プラスミド DNA の細胞特異的な核への移入
ncbi.nlm.nih.gov 1999/6
Cell-specific nuclear import of plasmid DNA
概要
非ウイルス遺伝子治療ベクターの成功を制限する要因の 1つは、遺伝子を目的の細胞型に特異的に標的にすることが相対的にできないことだ。

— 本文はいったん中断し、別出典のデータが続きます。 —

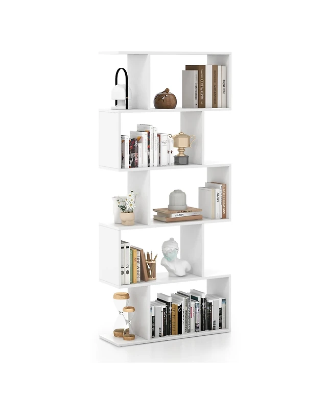 1 Pc 5-Tier Bookshelf Geometric S-Shaped Bookcase Room Divider Storage Display Shelf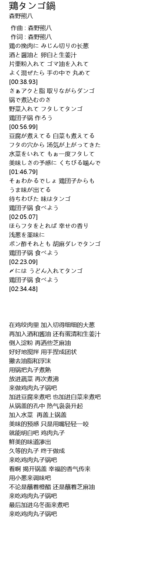 | [02:01.80] | 鶏団子锅 食べよう |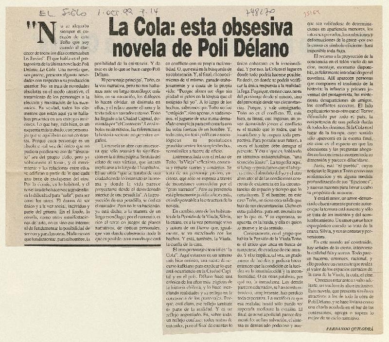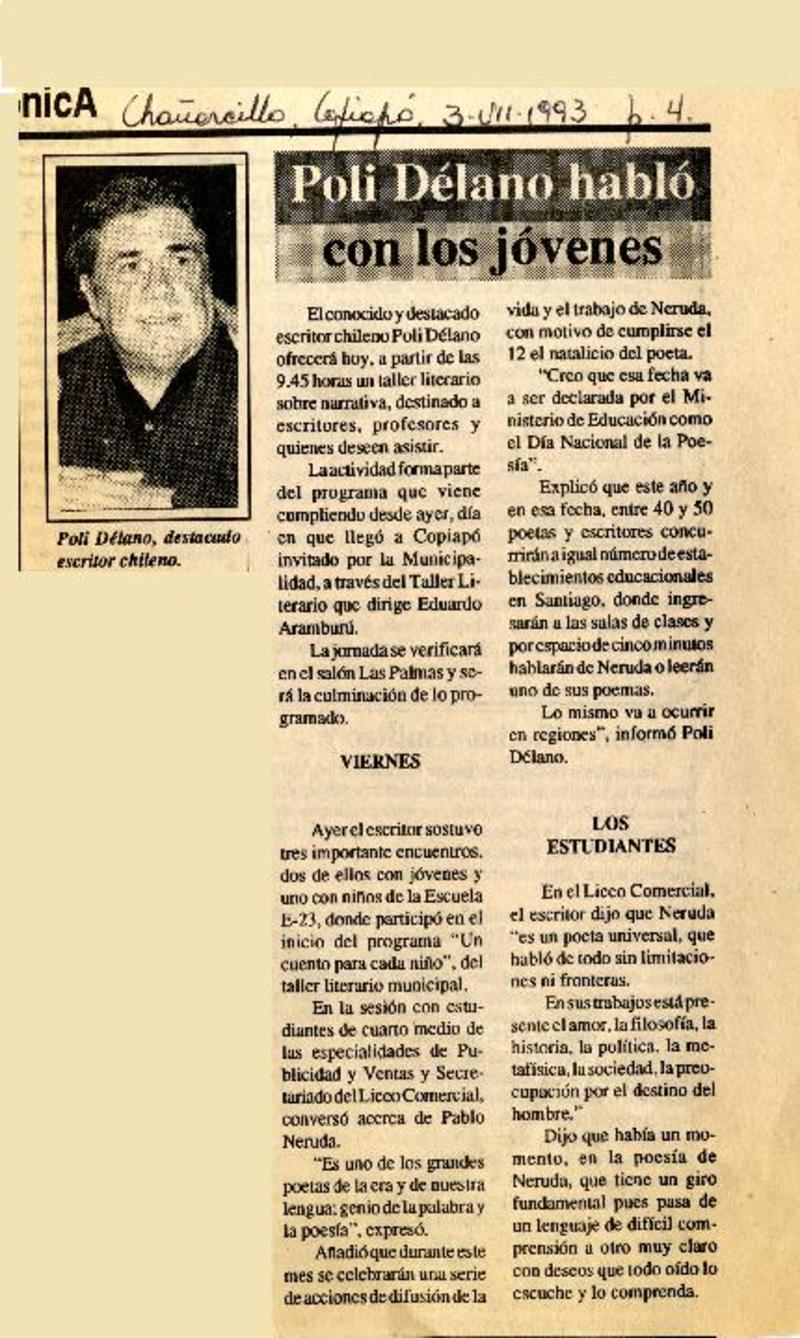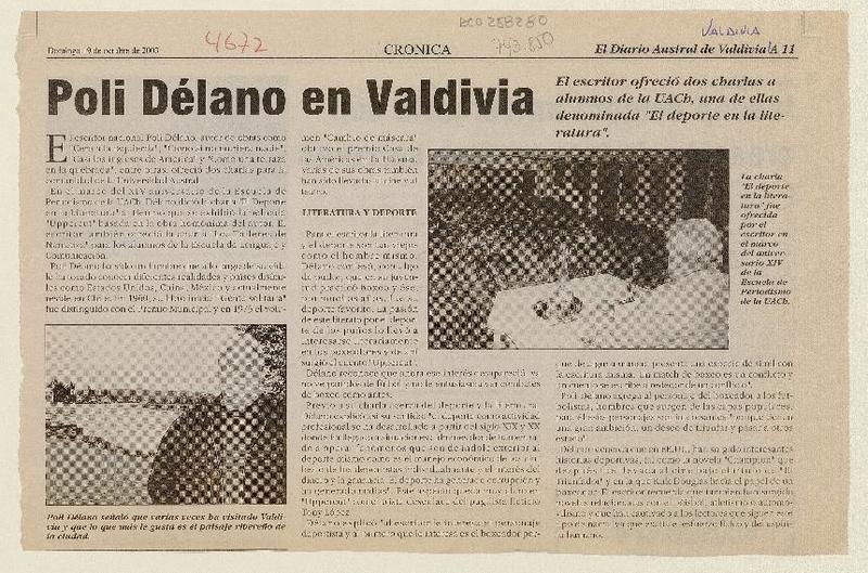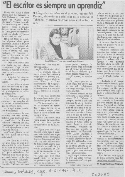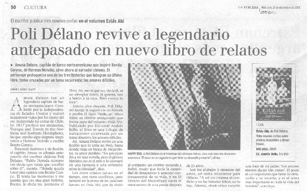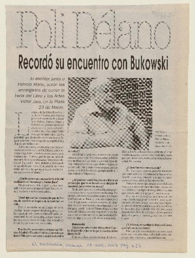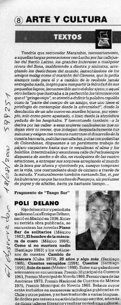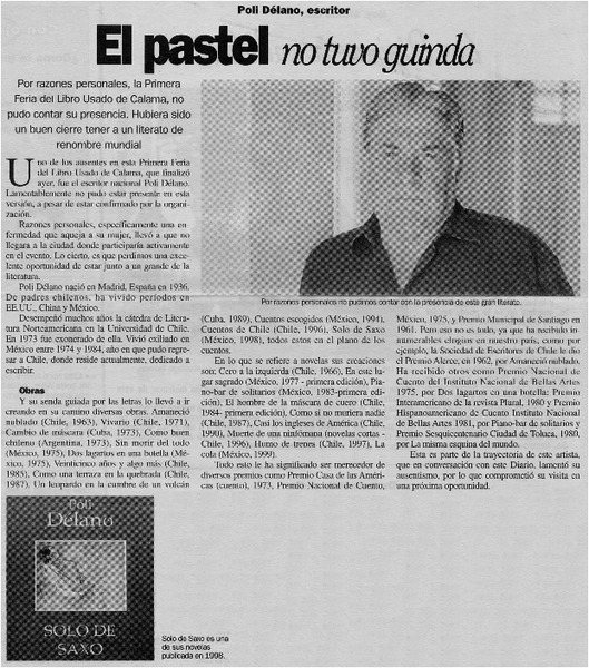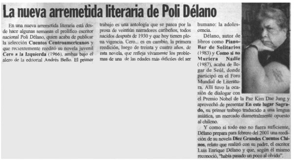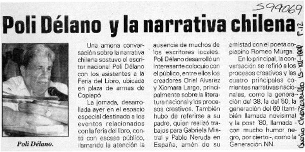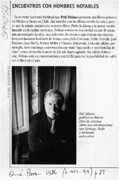 El autor de "Dos lagartos en una botella" fallecio a los 81 años Muere Poli Délano, el escritor de los personajes rudos y marginales [artículo] : Fabian Llanca.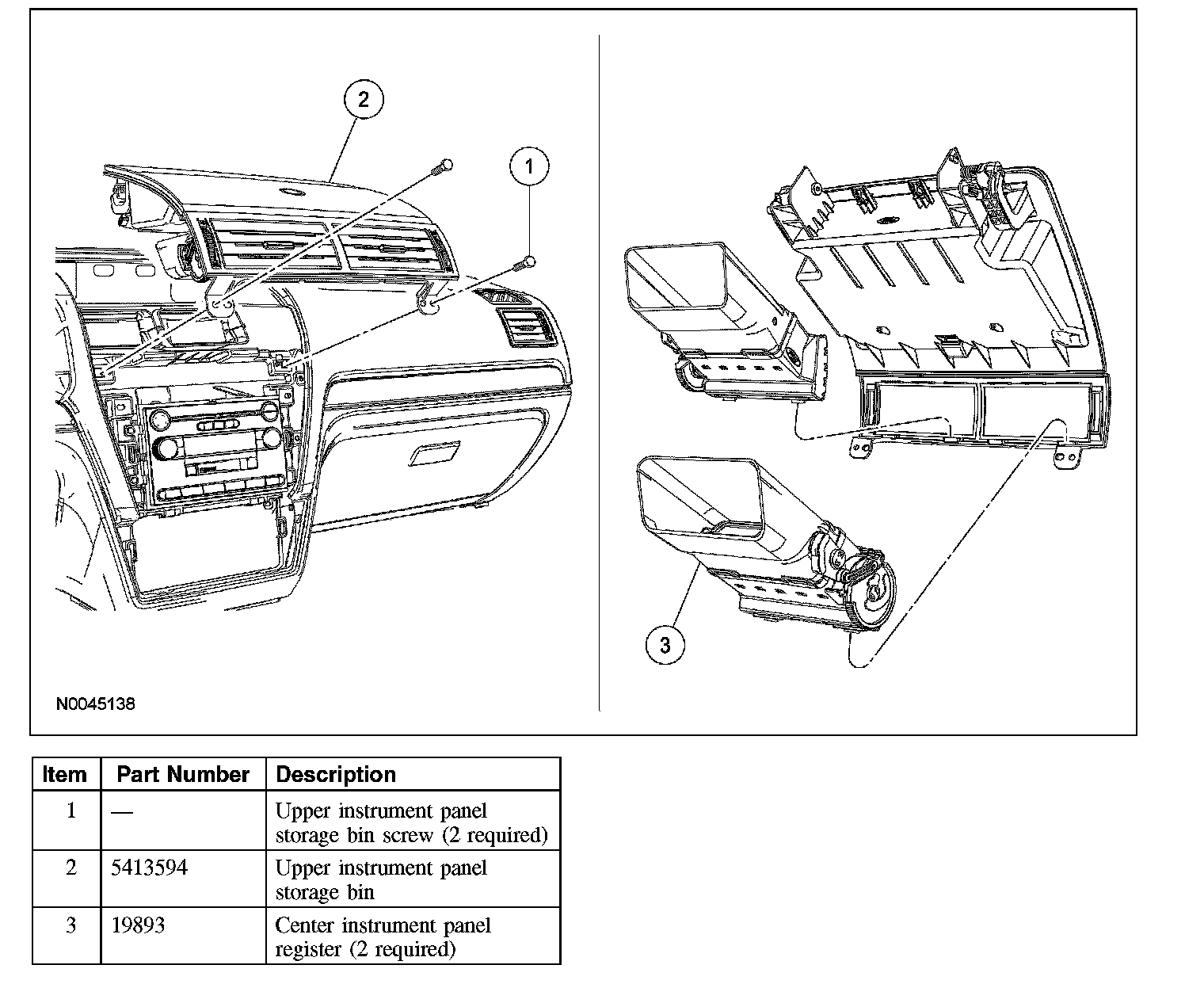 2. Remove the 2 upper instrument panel storage bin screws.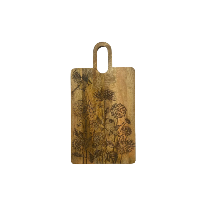 Skärbräda i mangoträ med svart blommönster och fågelmotiv. Skärbrädan kan även användas som ett fat vid exempelvis tapasservering. En bra presentidé eller för lite självöverseende.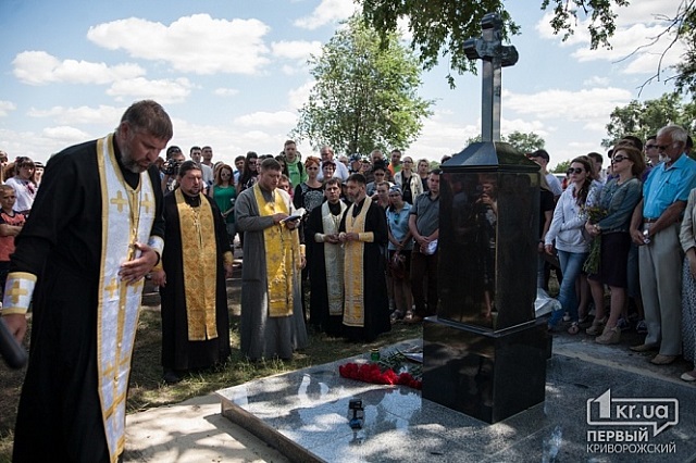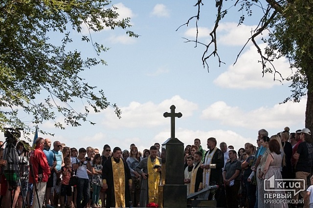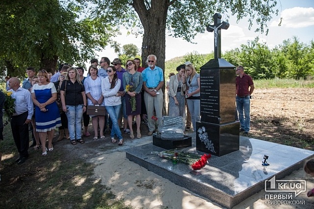 Как рассказала организатор мероприятия Анастасия Кириченко, гранитный памятный знак высотой два метра c крестом, был изготовлен на средства, собранные общественностью. На памятнике высечены слова молитвы «Отче наш» и строки из песни Кузьмы «Пусти меня».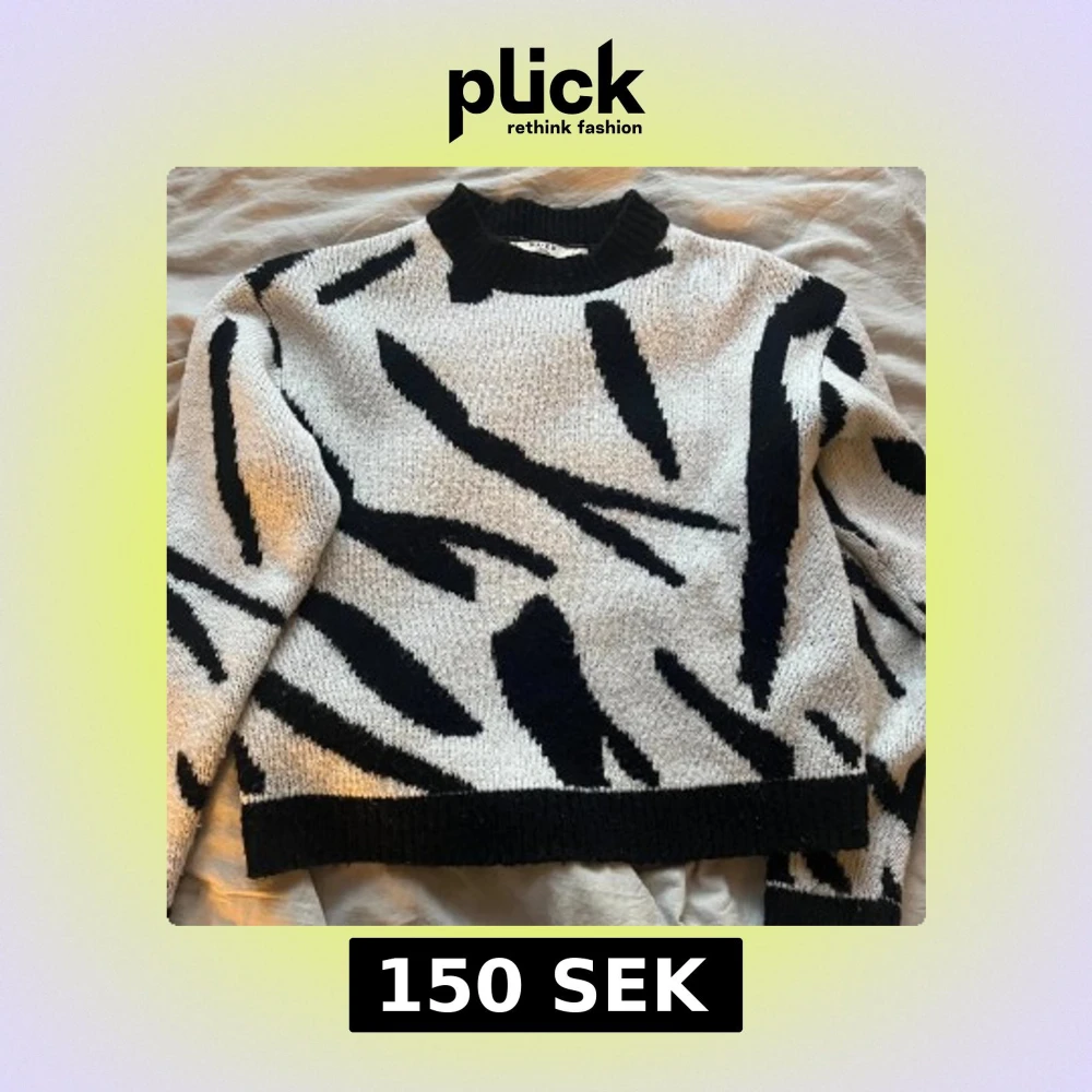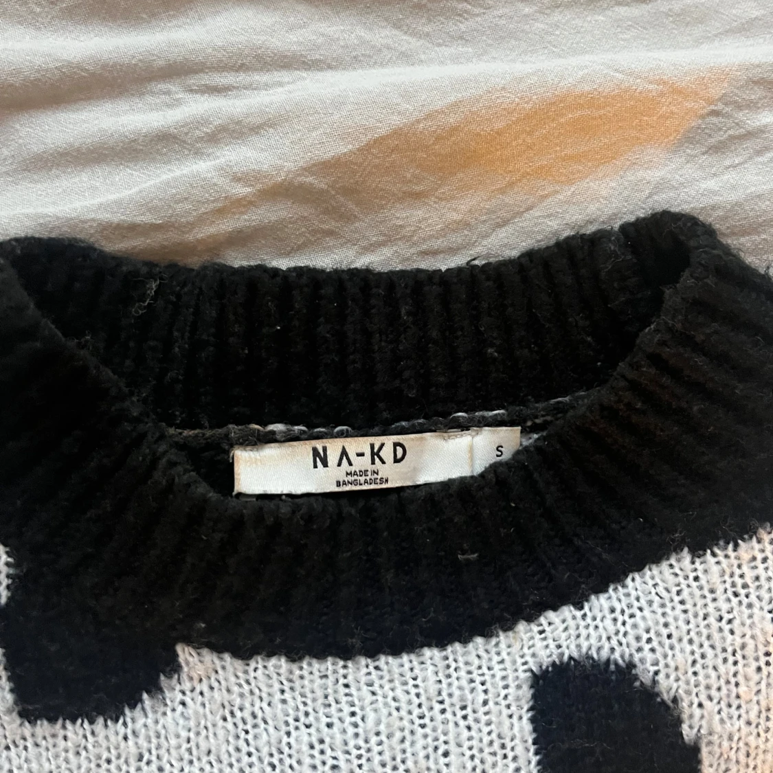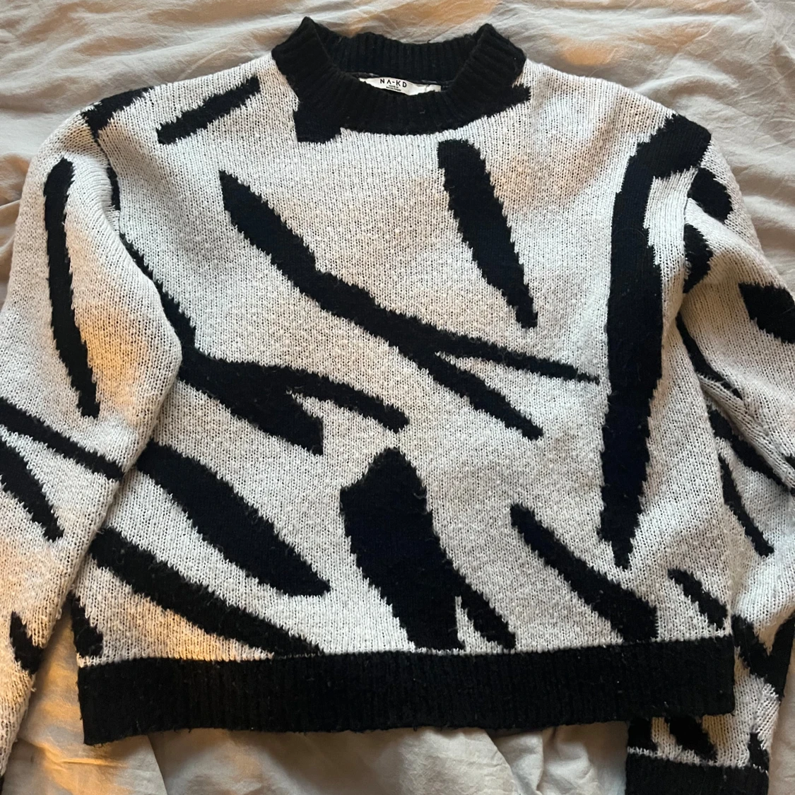 Säljer en cool svartvit tröja från NA-KD med ett djärvt mönster. Tröjan har långa ärmar och en rund halsringning.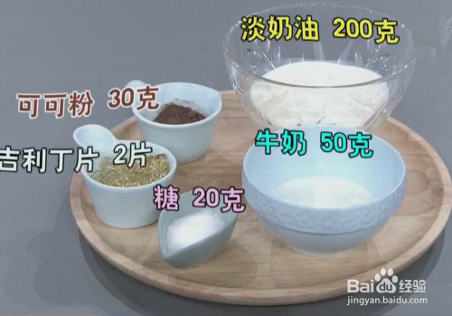 准备:牛奶50克,淡奶油200克,糖20克,可可粉30克,吉利丁片2片。

この制限に対処するために、我々は、特異性がプラスミド DNA の核内移行レベルにある細胞特異的ベクターの開発を開始した。
我々は最近、プラスミド DNA の核内移行は配列特異的な現象であり、多くの一般的な転写因子に結合することが知られている領域である SV40 エンハンサーを必要とすることを示した。
これらの研究から、我々は、転写因子が細胞質内の DNA に結合して、タンパク質輸入機構を使用して核に入ることができるタンパク質 – DNA 複合体を生成するモデルを開発した。
私たちのモデルは、固有の細胞型で発現する転写因子の結合部位を含む DNA エレメントを使用することで、細胞特異的な方法で核を標的とするプラスミドを作成できるはずであると予測している。
発現が平滑筋細胞に限定されている平滑筋ガンマ アクチン (SMGA) 遺伝子のプロモーターを使用して、平滑筋細胞で選択的に発現する一連のレポータープラスミドを作成した。
さらに、細胞質に注入すると、SMGA プロモーターの一部を含むプラスミドは平滑筋細胞の核に局在するが、線維芽細胞や CV1 細胞では細胞質に残る。
対照的に、SV40 エンハンサーを含む同様のプラスミドは、試験したすべての細胞タイプの核に輸送される。
SMGAプロモーターを含むプラスミドの核への移入は、平滑筋特異的転写因子 SRF が安定にトランスフェクトされた CV1 細胞で発現された場合に達成でき、プラスミドの核への移入に関する我々のモデルを裏付けた。
最後に、これらの核標的配列は、核内移行活性と同様に、リポソームおよびポリカチオンをトランスフェクトした非分裂細胞における遺伝子発現の増加を細胞特異的に促進することもできた。
これらの結果は、任意の所望の細胞型に対する細胞特異的非ウイルスベクターの開発原理の証明を提供する。